17. The mobile terminal of claim 15, wherein said non-speech data
frame Tx indication generating mode can be set to correspond the
urgency of said non-speech data frame to be transmitted with said
priority and to generate said non-speech data frame Tx indication
according to the urgency of said non-speech data frame.
18. The mobile terminal of claim 10, further comprising: a counter,
for counting the number of non-speech frames to be transmitted; a
judging unit, for judging whether the counted number exceeds a
predefined criterion; a control unit, for pausing transmission of
said non-speech frames.
Description
FIELD OF THE INVENTION
[0001] The present invention relates generally to a mobile
communication method and apparatus, and more particularly to a
method and apparatus for transferring non-speech data timely in the
voice channel of cellular mobile communication systems.
BACKGROUND ART OF THE INVENTION
[0002] In current 2 G/3 G mobile communication systems, speech
signals and non-speech data are transferred respectively, with
speech signals via the voice channel while non-speech data via
dedicated data channel.
[0003] The processing flowchart of transferring speech signals
between two conventional GSM MTs (mobile terminal) is shown in FIG.
1. As illustrated in the figure, before being transmitted to the
network system, the speech signal to be transmitted at the
transmitter side, is AD (Analog-to-Digital) converted by ADC 10,
speech-compressed by speech compression unit 20, channel-coded by
channel coding unit 30 and modulated by modulation unit 40 in Tx
RSS (Radio SubSystem) 93. While at the receiver side, the received
speech signal from the network system is demodulated by Rx
demodulation unit 50 and channel-decoded by channel decoding unit
60 in Rx RSS 96, then speech-decompressed by speech decompression
unit 70, and DA (Digital-to-Analog) converted by DAC 80. Thus, at
last, the original speech signals transmitted by the sender MT are
recovered after the aforementioned processing steps.
[0004] FIG. 2 is a block diagram illustrating conventional speech
processing unit used in GSM full-rate speech traffic. The speech
processing unit comprises the functional block of speech
compression unit 20 used for transmitting data, as well as the
functional block of speech decompression unit 70 used for receiving
data. Additionally, ADC 10, Tx RSS 93, Rx RSS 96 and DAC Unit 80
are all included in FIG. 2 as well, to describe the complete
procedure for transmitting/receiving speech signals.

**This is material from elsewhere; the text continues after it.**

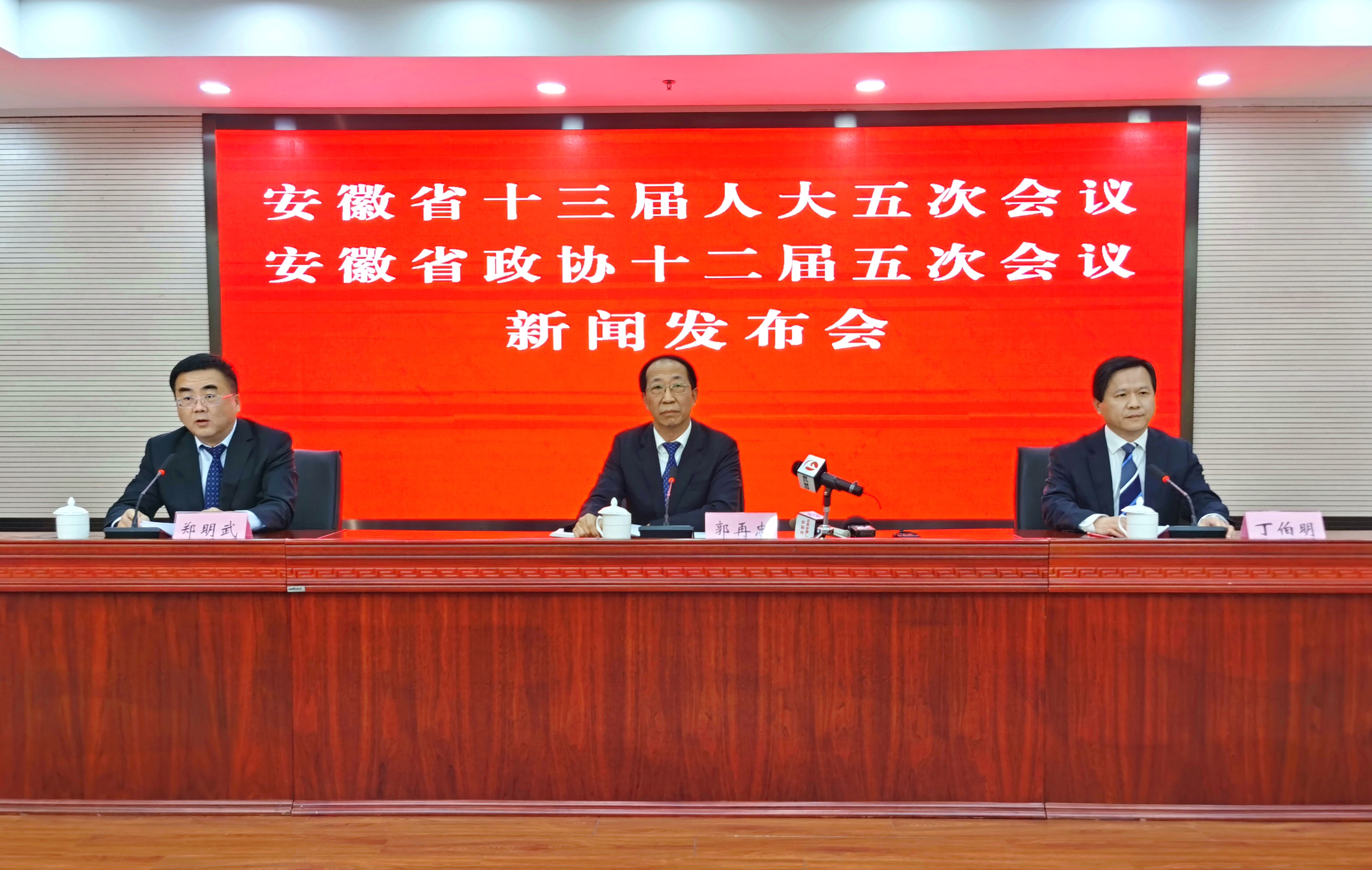 安徽省十三屆人大五次會議、安徽省政協十二屆五次會議新聞發佈會現場,左起:安徽省委宣傳部副部長、省政府新聞辦主任鄭明武主持發佈會,省人大常委會副秘書長郭再忠,省政協辦公廳副主任丁伯明先後介紹相關情況(孫軍/攝)

[0005] As illustrated in FIG. 2, Tx DTX handler 90 comprises:
speech encoder 901 (defined in GSM 06.10 standard), Tx DTX control
& operation unit 902 (defined in GSM 06.31 standard), VAD
(voice activity detector) 903 (defined in GSM 06.32 standard) and
Tx comfort noise unit 904 (defined in GSM 06.12 standard). While Rx
DTX handler unit 100 comprises: Rx DTX control & operation unit
1001 (defined in GSM 06.31 standard), speech decoder 1002 (defined
in GSM 06.10 standard), speech frame substitution unit 1003
(defined in GSM 06.11 standard) and Rx comfort noise unit 1004
(defined in GSM 06.12 standard).
[0006] In GSM full-rate speech traffic, the VAD (Voice Activity
Detection) is a critical module in implementing DTX (discontinuous
transmission) mechanism, which decides when to output speech frames
containing voice information and when to output SID (Silence
Description) frames to generate background noise.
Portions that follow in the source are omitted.